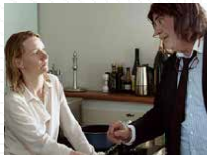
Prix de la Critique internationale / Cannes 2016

-----

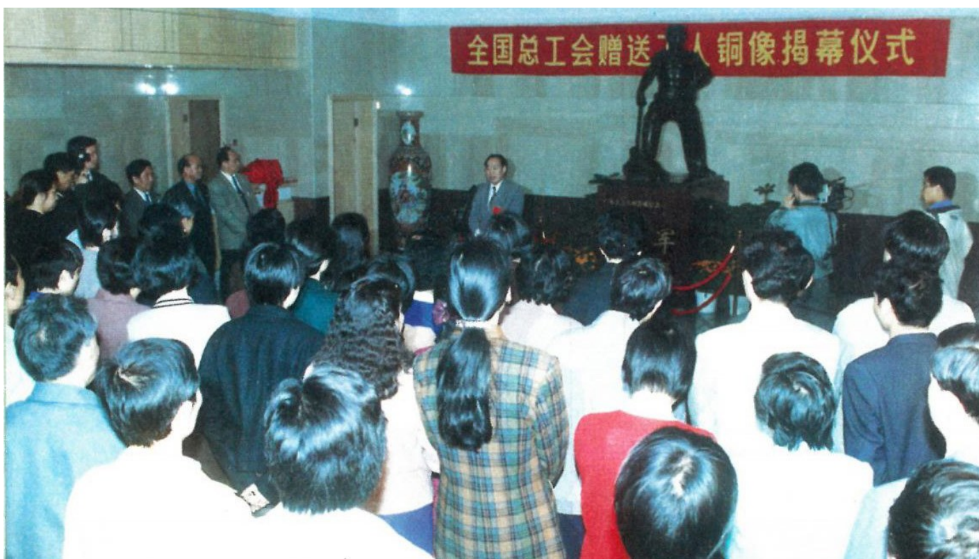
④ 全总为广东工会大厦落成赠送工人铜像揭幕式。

-----

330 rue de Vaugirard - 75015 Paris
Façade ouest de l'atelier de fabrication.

-----

Go to the line in the material above that contains "330 rue de Vaugirard - 75015 Paris" and copy exactly from there through the line that contains "Façade ouest de l'atelier de fabrication.", stopping after it.

## EXERCISE RESPONSE
330 rue de Vaugirard - 75015 Paris
Façade ouest de l'atelier de fabrication.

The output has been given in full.